Monday 29 April 2013

Helmshore Mill Textile Museum




Helmshore Textile Mill is nestled in the dip of one of East Lancashire's many valleys, where it has stood for nearly 250 years, a period for most of which it was a working textile mill and the hub of the local community. Today it serves as a lasting reminder of the hard slog faced by hundreds of families who spent their lives working in the regions booming textile industry; it really was grim up north...

The textile industry in Lancashire and throughout the North West of England, has a colourful, promising story with an ending far from happily ever after. It is a story which starts in the 1700's, a period of great exploration, discovery and an English gentry besotted with the 'East' and the 'exotic'. Before this of course, wool and cotton were woven into useable cloth by families in their homes by skilled hand-spinners and handloom weavers, as it provided a useful second income. Wares would be woven as time allowed and sold to the passing trade of chapmen, who would walk their packhorses through the villages and then sell the cloth on markets in nearby towns. There was no industry ruling the lives of people in rural areas, just families getting on with such ‘cottage crafts’. The East India Company was formed, with royal blessing of Her Majesty, Queen Elizabeth I, on 31st December 1600 and was set up to control the trade with India and China. By the 1700’s, this industry was vast and expanding across Europe, with the Dutch East India Company being the largest of its kind. Not only did these companies import new and exciting goods, such as tea, spices and even the humble potato, export was also big business. In the year 1701 around 2 million pounds of raw cotton was imported from America and the West Indies, much of which was spun into cotton and sold on to India.
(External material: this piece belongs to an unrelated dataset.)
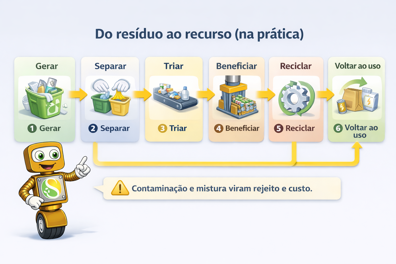 Sem promessas mágicas: reciclagem ajuda muito, mas não substitui reduzir desperdício, evitar contaminação e fazer descarte correto.

As the demand for cotton and wool fabric began to swell, not only in the UK, but throughout the rest of the world, the cottages could no longer cope. By the late 18th Century, vast changes were sweeping through the UK, taking the Lancashire cotton spinners with them. The Industrial Revolution had arrived; violently knocking cottage crafts, the homemade and even the villages out of its way. In order to survive, families must follow and go from skilled crafts people to mere cogs in well oiled machines. Such a fate awaited the families of Helmshore when, in 1789 Higher Mill was created by the Turner Family, wealthy textile merchants from the Blackburn area. This mill was primarily concerned with the production of wool.

All members of the family would be roped in to the production of this wool. Firstly, the raw wool fibres are carded to stretch them out in order to spin them into yarn. This was often a job for children who would be provided with carding brushes to pull the fibres apart. The carding brushes used, which Helmshore Mill still had original examples of, were made from tough, spikey teasels that were shipped in from the continent as the hotter temperatures made the European examples hardier than ours. Once the yarns had been spun and a woollen cloth hand-woven, the wool making process got really gruesome. Whilst children as young as six could be made to card the raw fibres, children even younger were necessary for the next part of the woollen cloth making. Being such a starchy fibre, the wool was required to be doused in ammonia before it had a marketable texture. Human urine was used as it was cheap and ammonia rich. The mills would provide local people with ‘piss pots’ which they would be paid one penny for once it had been filled. The phrase ‘not a pot to piss in’ literally means someone is so poor that they can’t even fill a piss-pot for a penny.
At Helmshore, the wool cloth would be washed in urine by large machines powered by the waterwheel. Seeing this in action was really exciting, but also showed off just how cold and loud conditions were for those working long days in the bowels of the mill.

Following this process the wool fabric was washed off and hung to dry on the Lancashire hillsides. As the finished cloth was sold by weight however, it wasn’t always completely dried out in order to make it heavier!
Not very much later, the cotton trade really took off in Lancashire and Whittaker Mill at Helmshore was added to the original Higher Mill. A most impressive demonstration of the cotton weaving process on an original working ‘mule’ machine, really showed off the vast scale of the cotton trade in Lancashire. In one demonstration run, about a meter of cotton fabric was woven, to think there were around 50 million of these machines in the UK at the peak of this industry really put the scale of the cotton trade into perspective.
What Helmshore Mill really excelled at though, was telling the story of the people who were behind these machines and what their daily lives were like. It is a fantastic place and I’m really looking forward to many happy working days there myself. Let’s hope there isn’t trouble at’mill!